- **What this task involves**
Would you repeat the entries below word for word and omit the pictures?

--- START ---

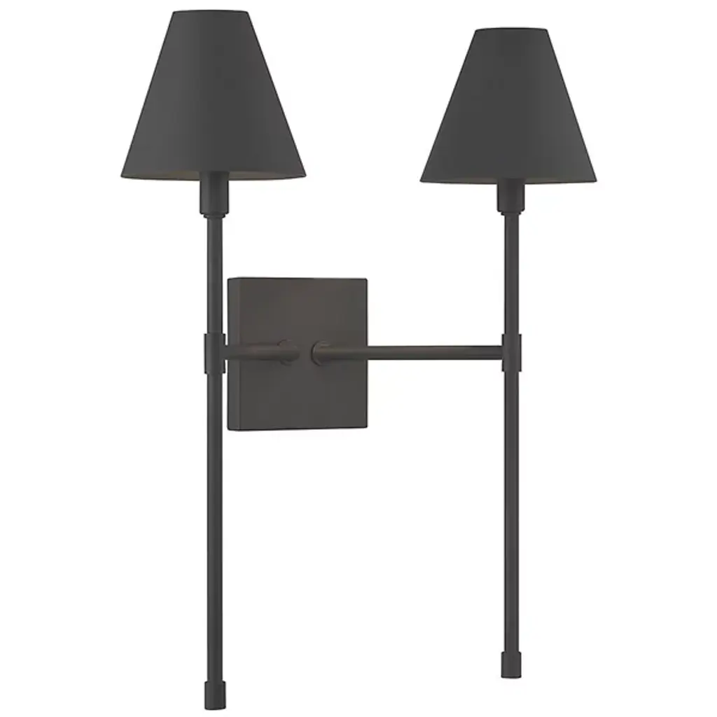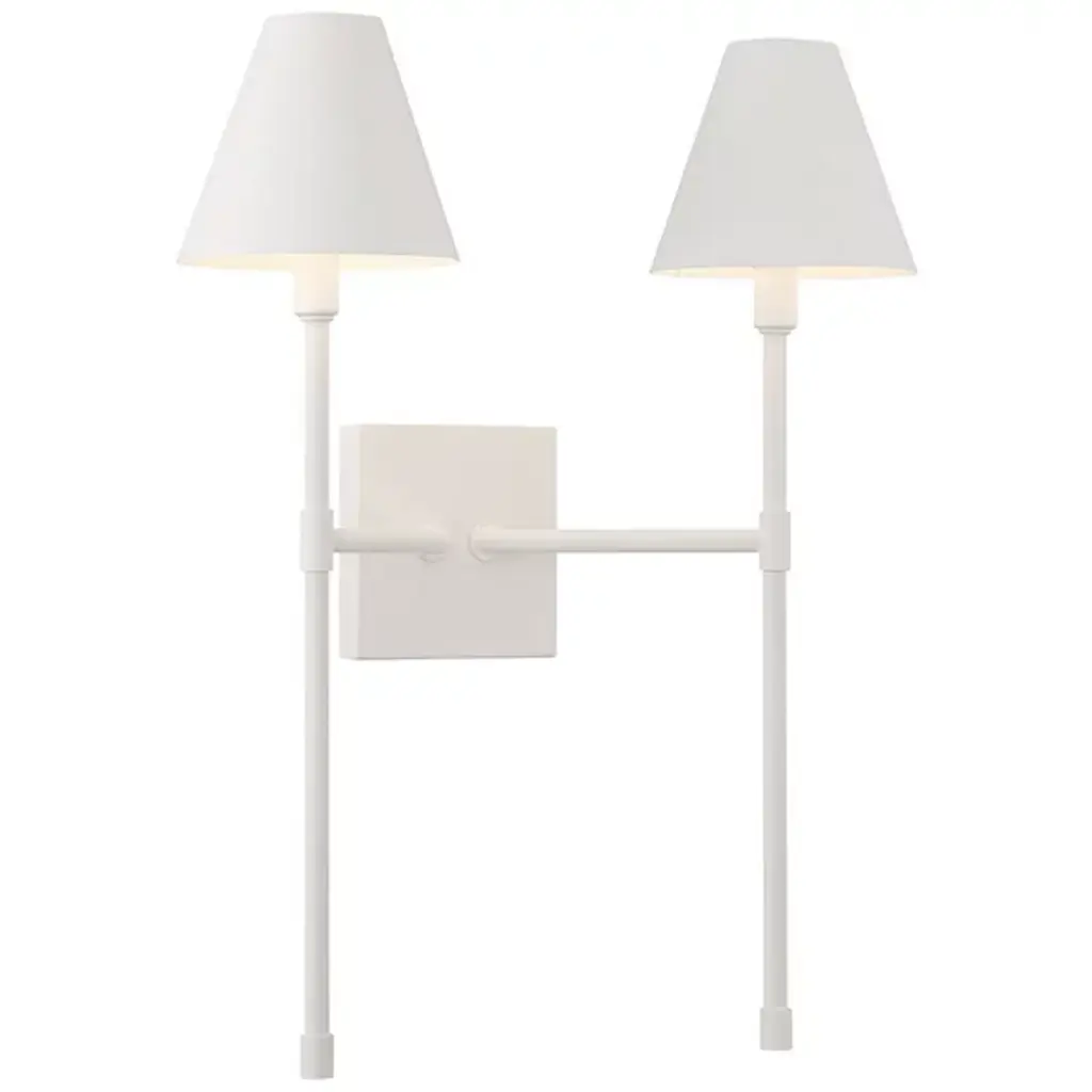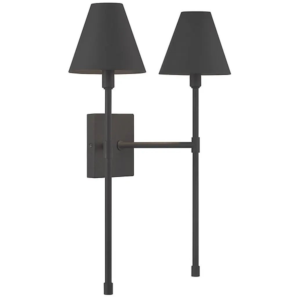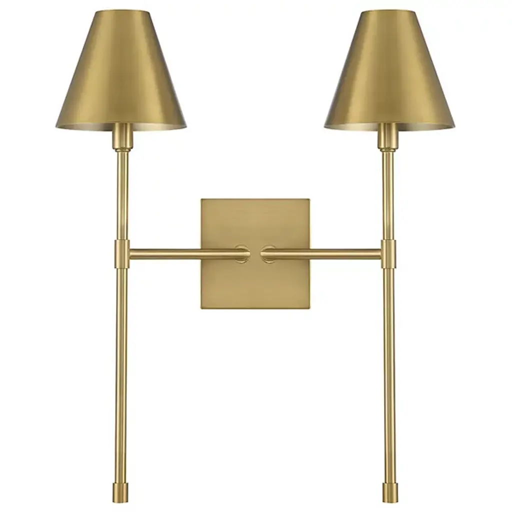 Fuse vintage, traditional, and modern elements seamlessly with the Jefferson 2-Light Wall Sconce from Savoy House. Its elongated, sleek body boasts a memorable silhouette, while matching conical metal shades on either side offer a refined blend of classic and contemporary aesthetics. Emitting a subtle, indirect illumination, the sconce creates a warm and inviting ambiance. The slender stems on each side add an extra touch of grace to the design. Enhanced by a sleek metal surface, the sconce becomes a captivating centerpiece, casting a soft, reflected radiance.
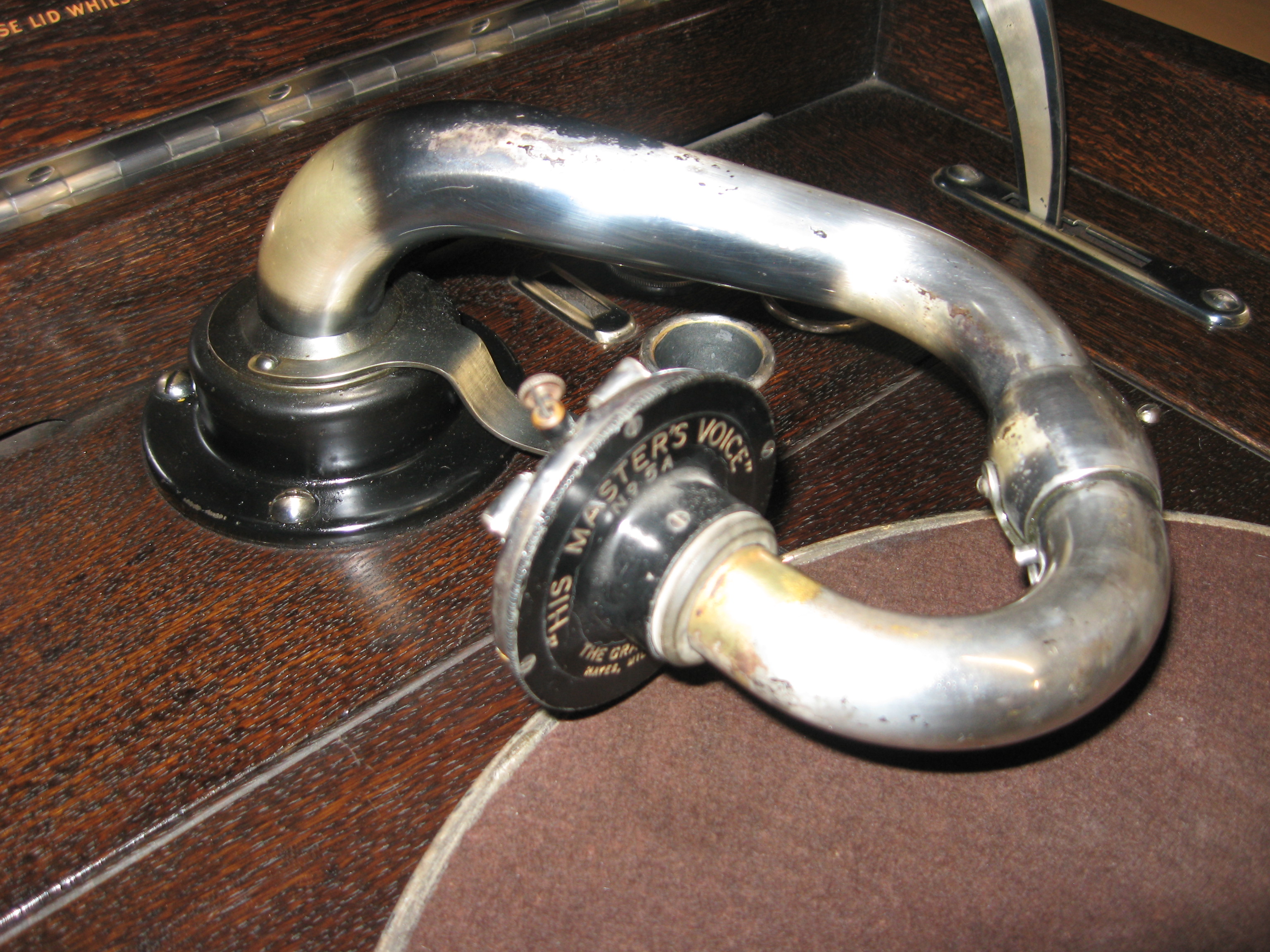 The soundbox you have pictured is in the Florentine Bronze finish used on some late HMV cabinet models such as the 158.
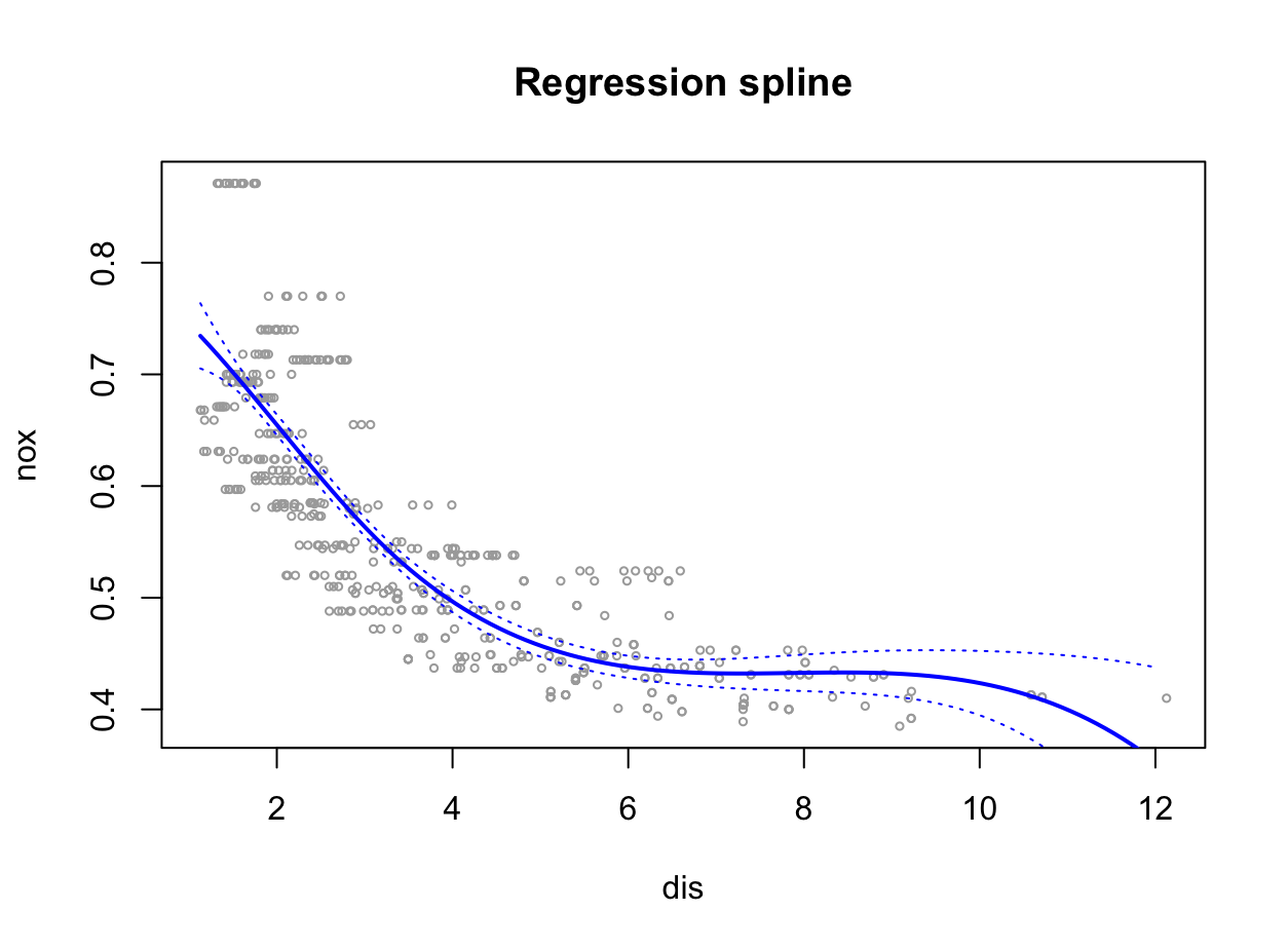 preds <- predict(fit, newdata = list(dis = grid), se = TRUE) se.bands <- cbind(preds$fit + 2 * preds$se.fit, preds$fit - 2 * preds$se.fit) plot(dis, nox, xlim = lims, cex = .5, col = "darkgrey") title("Regression spline") lines(grid, preds$fit, lwd = 2, col = "blue") matlines(grid, se.bands, lwd = 1, col = "blue", lty = 3)
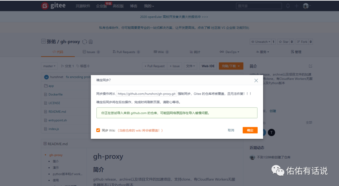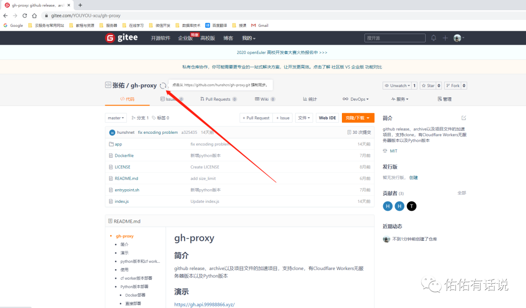 也就是说上面的镜像就是一个克隆版的 GitHub,你可以访问上面的镜像网站,网站的内容跟 GitHub 是完整同步的镜像,然后在这个网站里面进行下载克隆等操作。佑佑有话说佑佑有话说
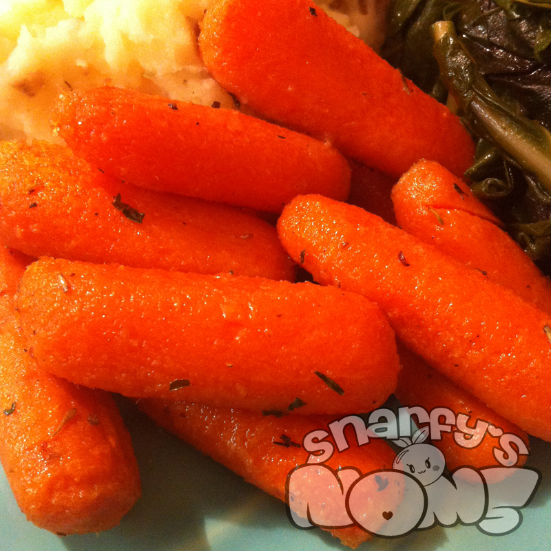 Your oven should already be hot because you have a meatloaf in there, remember? Otherwise, pre-heat that bad boy to a high temp (425-450 deg f). Dump that bag of baby carrots into a rimmed baking sheet while you melt some butter down in a saucepan. Put that thyme and rosemary in there (you could also include a little garlic) to infuse the flavors in the butter. You don’t have to do this long, so when you’re ready, pour that herby melted butter over those carrots and make sure everyone is coated. Rain a little salt and pepper over those carrots and pop them in the oven until they’re tender. Then nom the crap out of them.

--- END ---

- **Written answer**
 Fuse vintage, traditional, and modern elements seamlessly with the Jefferson 2-Light Wall Sconce from Savoy House. Its elongated, sleek body boasts a memorable silhouette, while matching conical metal shades on either side offer a refined blend of classic and contemporary aesthetics. Emitting a subtle, indirect illumination, the sconce creates a warm and inviting ambiance. The slender stems on each side add an extra touch of grace to the design. Enhanced by a sleek metal surface, the sconce becomes a captivating centerpiece, casting a soft, reflected radiance.
 The soundbox you have pictured is in the Florentine Bronze finish used on some late HMV cabinet models such as the 158.
 preds <- predict(fit, newdata = list(dis = grid), se = TRUE) se.bands <- cbind(preds$fit + 2 * preds$se.fit, preds$fit - 2 * preds$se.fit) plot(dis, nox, xlim = lims, cex = .5, col = "darkgrey") title("Regression spline") lines(grid, preds$fit, lwd = 2, col = "blue") matlines(grid, se.bands, lwd = 1, col = "blue", lty = 3)
 也就是说上面的镜像就是一个克隆版的 GitHub,你可以访问上面的镜像网站,网站的内容跟 GitHub 是完整同步的镜像,然后在这个网站里面进行下载克隆等操作。佑佑有话说佑佑有话说
 Your oven should already be hot because you have a meatloaf in there, remember? Otherwise, pre-heat that bad boy to a high temp (425-450 deg f). Dump that bag of baby carrots into a rimmed baking sheet while you melt some butter down in a saucepan. Put that thyme and rosemary in there (you could also include a little garlic) to infuse the flavors in the butter. You don’t have to do this long, so when you’re ready, pour that herby melted butter over those carrots and make sure everyone is coated. Rain a little salt and pepper over those carrots and pop them in the oven until they’re tender. Then nom the crap out of them.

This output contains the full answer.